**ABOUT THIS TASK**
Return every line from the one with "Всю неделю валил" through the one with "Caruciorul cu Gelaterie", inclusive, exactly as it appears below.

**MATERIAL TO PROCESS**
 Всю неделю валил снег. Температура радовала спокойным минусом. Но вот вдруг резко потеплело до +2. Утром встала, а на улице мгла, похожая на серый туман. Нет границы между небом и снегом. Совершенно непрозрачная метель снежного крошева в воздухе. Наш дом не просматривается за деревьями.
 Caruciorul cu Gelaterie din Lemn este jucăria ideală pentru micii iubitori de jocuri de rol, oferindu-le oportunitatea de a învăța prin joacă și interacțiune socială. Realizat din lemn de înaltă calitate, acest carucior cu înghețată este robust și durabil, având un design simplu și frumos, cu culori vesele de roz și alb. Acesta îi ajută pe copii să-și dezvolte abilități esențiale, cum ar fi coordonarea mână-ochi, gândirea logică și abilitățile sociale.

...

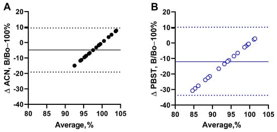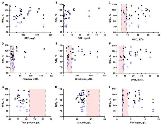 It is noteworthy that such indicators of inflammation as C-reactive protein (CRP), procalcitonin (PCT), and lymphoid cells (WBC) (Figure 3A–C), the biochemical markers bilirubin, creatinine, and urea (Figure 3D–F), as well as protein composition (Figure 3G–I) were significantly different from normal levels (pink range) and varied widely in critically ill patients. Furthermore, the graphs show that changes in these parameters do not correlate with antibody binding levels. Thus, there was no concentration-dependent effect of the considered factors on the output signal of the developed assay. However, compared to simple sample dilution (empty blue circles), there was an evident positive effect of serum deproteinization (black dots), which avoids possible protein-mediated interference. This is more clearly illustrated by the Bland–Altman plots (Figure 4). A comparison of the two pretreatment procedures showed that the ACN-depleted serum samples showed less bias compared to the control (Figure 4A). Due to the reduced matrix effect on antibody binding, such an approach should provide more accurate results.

--

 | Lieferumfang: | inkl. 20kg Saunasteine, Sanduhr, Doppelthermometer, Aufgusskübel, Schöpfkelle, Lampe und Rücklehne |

**ANSWER BOX**
 Всю неделю валил снег. Температура радовала спокойным минусом. Но вот вдруг резко потеплело до +2. Утром встала, а на улице мгла, похожая на серый туман. Нет границы между небом и снегом. Совершенно непрозрачная метель снежного крошева в воздухе. Наш дом не просматривается за деревьями.
 Caruciorul cu Gelaterie din Lemn este jucăria ideală pentru micii iubitori de jocuri de rol, oferindu-le oportunitatea de a învăța prin joacă și interacțiune socială. Realizat din lemn de înaltă calitate, acest carucior cu înghețată este robust și durabil, având un design simplu și frumos, cu culori vesele de roz și alb. Acesta îi ajută pe copii să-și dezvolte abilități esențiale, cum ar fi coordonarea mână-ochi, gândirea logică și abilitățile sociale.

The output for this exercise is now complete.